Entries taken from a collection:
☆ ☆ ☆ ☆
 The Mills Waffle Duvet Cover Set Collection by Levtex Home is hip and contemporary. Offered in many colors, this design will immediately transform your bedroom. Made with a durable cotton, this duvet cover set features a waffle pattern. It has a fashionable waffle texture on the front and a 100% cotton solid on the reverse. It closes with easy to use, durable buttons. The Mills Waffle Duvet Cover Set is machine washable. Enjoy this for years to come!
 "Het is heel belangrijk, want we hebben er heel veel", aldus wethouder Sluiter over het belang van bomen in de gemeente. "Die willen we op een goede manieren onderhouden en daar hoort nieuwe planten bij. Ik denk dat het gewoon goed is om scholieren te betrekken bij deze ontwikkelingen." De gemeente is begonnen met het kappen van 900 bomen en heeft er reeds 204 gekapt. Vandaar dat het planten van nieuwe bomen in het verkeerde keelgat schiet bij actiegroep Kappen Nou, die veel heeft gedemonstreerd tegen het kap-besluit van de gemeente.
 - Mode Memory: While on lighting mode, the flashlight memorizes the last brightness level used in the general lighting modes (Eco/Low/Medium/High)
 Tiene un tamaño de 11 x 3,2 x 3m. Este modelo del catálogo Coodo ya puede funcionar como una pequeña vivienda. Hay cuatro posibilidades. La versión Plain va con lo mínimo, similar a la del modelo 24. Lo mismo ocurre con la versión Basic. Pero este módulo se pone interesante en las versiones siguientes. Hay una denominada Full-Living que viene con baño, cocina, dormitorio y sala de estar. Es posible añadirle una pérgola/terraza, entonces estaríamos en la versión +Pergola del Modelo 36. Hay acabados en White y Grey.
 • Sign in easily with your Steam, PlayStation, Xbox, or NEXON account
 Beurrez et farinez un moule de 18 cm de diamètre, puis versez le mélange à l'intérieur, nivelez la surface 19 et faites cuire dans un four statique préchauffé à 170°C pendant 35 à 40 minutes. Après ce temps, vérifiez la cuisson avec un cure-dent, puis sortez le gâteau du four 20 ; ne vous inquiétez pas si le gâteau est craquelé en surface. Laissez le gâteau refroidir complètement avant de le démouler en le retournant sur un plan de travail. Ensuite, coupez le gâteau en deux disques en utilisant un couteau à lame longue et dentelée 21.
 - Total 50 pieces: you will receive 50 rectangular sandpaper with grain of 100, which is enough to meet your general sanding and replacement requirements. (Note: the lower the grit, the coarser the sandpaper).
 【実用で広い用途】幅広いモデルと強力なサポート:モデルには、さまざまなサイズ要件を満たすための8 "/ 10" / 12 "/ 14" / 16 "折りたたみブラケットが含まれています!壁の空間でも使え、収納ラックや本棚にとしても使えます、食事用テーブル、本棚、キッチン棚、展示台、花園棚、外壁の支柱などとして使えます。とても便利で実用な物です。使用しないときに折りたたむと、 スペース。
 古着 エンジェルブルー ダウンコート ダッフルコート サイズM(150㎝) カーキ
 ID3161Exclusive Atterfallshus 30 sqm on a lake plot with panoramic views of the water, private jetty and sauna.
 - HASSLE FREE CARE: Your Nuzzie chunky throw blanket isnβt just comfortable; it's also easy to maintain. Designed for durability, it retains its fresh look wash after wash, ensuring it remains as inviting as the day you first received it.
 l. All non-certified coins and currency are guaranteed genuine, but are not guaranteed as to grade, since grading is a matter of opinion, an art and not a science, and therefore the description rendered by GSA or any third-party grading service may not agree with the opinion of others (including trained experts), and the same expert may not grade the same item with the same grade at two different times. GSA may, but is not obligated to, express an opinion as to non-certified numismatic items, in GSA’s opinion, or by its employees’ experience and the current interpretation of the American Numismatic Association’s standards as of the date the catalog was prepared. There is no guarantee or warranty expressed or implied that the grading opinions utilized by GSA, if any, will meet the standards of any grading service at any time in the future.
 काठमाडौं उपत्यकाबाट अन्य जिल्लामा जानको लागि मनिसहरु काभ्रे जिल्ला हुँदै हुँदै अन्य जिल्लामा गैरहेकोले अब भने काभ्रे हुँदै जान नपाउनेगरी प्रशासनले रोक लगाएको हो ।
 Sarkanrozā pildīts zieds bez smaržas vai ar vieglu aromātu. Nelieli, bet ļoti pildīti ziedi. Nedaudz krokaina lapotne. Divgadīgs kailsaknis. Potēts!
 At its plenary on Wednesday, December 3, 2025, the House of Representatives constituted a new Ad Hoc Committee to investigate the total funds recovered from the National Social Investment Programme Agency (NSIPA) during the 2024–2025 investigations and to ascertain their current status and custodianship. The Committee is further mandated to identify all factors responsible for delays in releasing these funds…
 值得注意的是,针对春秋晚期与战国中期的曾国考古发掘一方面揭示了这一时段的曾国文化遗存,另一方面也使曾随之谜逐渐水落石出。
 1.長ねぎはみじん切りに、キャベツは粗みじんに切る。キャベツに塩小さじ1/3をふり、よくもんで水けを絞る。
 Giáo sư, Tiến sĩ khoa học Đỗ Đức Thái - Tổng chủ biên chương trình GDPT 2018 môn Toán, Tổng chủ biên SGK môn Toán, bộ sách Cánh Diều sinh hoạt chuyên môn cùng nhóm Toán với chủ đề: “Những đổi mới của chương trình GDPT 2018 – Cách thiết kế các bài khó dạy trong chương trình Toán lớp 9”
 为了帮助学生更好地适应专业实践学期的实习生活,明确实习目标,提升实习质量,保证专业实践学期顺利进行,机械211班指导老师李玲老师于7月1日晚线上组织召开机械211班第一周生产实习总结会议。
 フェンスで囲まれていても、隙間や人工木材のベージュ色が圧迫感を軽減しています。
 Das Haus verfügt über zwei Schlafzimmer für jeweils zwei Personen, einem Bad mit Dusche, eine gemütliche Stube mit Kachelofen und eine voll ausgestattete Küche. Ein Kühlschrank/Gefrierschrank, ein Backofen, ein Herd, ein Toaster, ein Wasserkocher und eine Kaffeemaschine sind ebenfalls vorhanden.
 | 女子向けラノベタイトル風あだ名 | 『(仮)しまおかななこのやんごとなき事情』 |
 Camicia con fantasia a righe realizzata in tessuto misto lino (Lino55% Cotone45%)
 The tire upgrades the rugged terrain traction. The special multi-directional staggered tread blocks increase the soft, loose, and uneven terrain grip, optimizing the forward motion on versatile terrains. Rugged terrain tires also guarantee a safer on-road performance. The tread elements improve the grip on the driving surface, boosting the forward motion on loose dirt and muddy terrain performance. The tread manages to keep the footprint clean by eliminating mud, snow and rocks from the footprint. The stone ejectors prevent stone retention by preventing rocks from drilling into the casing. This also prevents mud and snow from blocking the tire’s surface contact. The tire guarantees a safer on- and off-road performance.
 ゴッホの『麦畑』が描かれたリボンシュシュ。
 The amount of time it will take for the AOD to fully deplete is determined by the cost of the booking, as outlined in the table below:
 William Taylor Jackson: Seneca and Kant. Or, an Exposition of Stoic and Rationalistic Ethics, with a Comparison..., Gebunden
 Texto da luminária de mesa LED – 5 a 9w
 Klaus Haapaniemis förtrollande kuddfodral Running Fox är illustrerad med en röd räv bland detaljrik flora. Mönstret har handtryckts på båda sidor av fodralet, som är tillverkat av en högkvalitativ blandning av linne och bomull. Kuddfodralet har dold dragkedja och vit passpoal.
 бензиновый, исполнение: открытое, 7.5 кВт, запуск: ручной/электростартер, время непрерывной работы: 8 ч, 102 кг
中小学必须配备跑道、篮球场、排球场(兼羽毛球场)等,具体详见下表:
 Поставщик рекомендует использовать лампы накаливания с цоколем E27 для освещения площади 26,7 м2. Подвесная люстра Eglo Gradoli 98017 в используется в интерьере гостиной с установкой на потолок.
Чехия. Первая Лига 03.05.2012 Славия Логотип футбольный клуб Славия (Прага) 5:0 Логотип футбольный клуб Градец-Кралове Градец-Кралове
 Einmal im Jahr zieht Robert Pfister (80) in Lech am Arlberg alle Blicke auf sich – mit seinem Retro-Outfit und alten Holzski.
☆ ☆ ☆ ☆
Exercise objective:
Copy out the lines above with "general" in them.

Answer box:
 - Mode Memory: While on lighting mode, the flashlight memorizes the last brightness level used in the general lighting modes (Eco/Low/Medium/High)
 - Total 50 pieces: you will receive 50 rectangular sandpaper with grain of 100, which is enough to meet your general sanding and replacement requirements. (Note: the lower the grit, the coarser the sandpaper).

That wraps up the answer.